Humboldt Cutthroat

Oncorhynchus clarki spp. 
Introduction:  The Humboldt Cutthroat is a minor supspecies of Lahontan Cutthroat that is native to the Humboldt River drainage in Neveda.  It is beleived that during wet years this fish held as much as 2,210 miles of stream habitat, which today has been reduced to somewhere around 180 and 250 miles and 71 different streams.  Due to the region that it lives in this trout has become very well adapted to life in unstable stream environments, where flows and temperatures may fluctuate to a high degree.  This has most likely been the on thing that has saved the Humboldt Cutthroat from the extinction because most nonative trout cannot survive under these conditions so there has been very little hybridization.  If fact today there are only four streams in the upper Humboldt River drainage that are known to contain rainbow-cutthroat hybrids.  Like many trout in arid parts of the Western United States, cattle grazing has had a major impact on the populations of Humboldt Cutthroat by increasing the sediment load and destroying vegatation in the riparian zone.  This could easily be seen in the stream that I found this trout in, where cattle had caved the banks of the stream in causing it to run murky an cut itself into a 10 foot deep canyon.  Other major causes of the decline of the Humboldt Cutthroat that have lead to it begining listed as threatened under the Endangered Species Act include water diversion and mining.  Today the US Forest Service and Bureau of Land Management have began to create fenced off enclosures around the ripirian zone of streams containing this fish so that the streams can begin  to recover.

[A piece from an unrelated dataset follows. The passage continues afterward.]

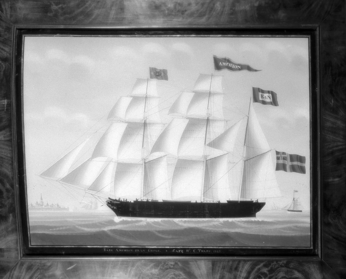 Bark "Amphion". Holländsk glasmålning. Fartygsutställningen i Gävle år 1933.

Description:  The Humboldt Cutthroat tends to have a high degree of variation from one population to the next, due to isolation.  Most streams that hold this trout dry up in the desert before conecting to larger streams in the drainage.  The coloration of this trout tends to be bronze or copper with some hints of yellow.  The Humboldt Cutthroat also tends have a redish colored stripe along part of their lateral line. These trout tend to be more sparsely spotted than the lahontan cutthroat and their spots are fairly evenly distributed across their bodies.  An interesting trait common to the Humboldt Cutthroat is the presence of spots around their eyes.